Replacing single words with re.sub in python

Spoiler: Yes this is an assignment. It is solved, but for personal interest I want to know the below.

So at the moment working with a syntax marker for an assignment, in which we input a file, and using a dictionary of regexes, colour them (keywords) accordingly.

Having some issues, though.

for i in iterations:
pass


in this above line, using a regex
r'(\t*for.*in.*?:.?)'
will work, but it will colour the entire line. While that is allowed, I would really like for it to only mark
for/in
.

Trying with
r'(\bfor\b|\bin\b)'
is not being kind, nor
r'(for)'
, or r'(\sfor\s)'.

I read the whole code into one string and use re.sub() to replace all occurences with
colour + r'\1' + colour_end
where colour specifies colour sequences.

Answer

You may use capturing and backreferences:

^(\t*)(for\b)(.*)\b(in)\b(.*?:)

Replace with $1<color>$2</color>$3<color>$4</color>$5. See the regex demo.

Here, the expression is split into 5 subparts with (...) capturing groups. In the replacement pattern, those values captured are referred to with backreferences having $+n format where n is the ID of the capturing group inside the pattern.
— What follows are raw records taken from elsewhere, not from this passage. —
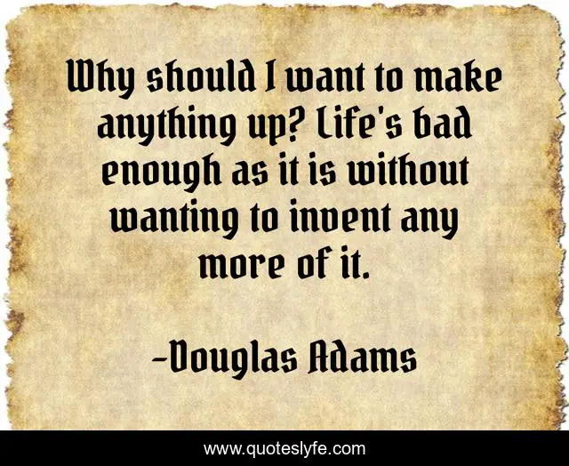 This page presents the quote "Why should I want to make anything up? Life's bad enough as it is without wanting to invent any more of it.". Author of this quote is Douglas Adams. This quote is about marvin, life, 248, on-fiction, fiction,.
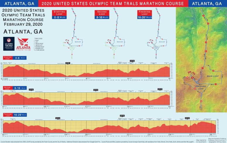 In Atlanta, the course has almost no flat spots and some rather daunting climbs. It is mainly three 8-mile loops with another smaller loop to complete the distance.
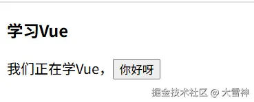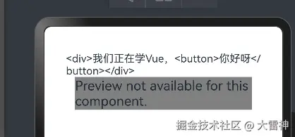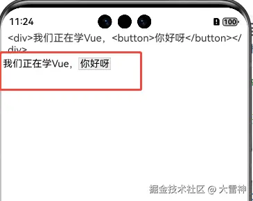 const txt = ref("<div>我们正在学Vue,<button>你好呀</button></div>")

If you have no chance to run 1 regex with multiple capturing groups, run two on end:

  • ^(\t*)for\b(?=.*\bin\b.*?:) --> $1<color>for</color> (see this demo)
  • ^(\t*for\b.*)\bin\b(?=.*?:) --> $1<color>in</color> (see another demo).

The single capturing group is around the part before the word, and the part after the word is not matched but checked with a positive lookahead.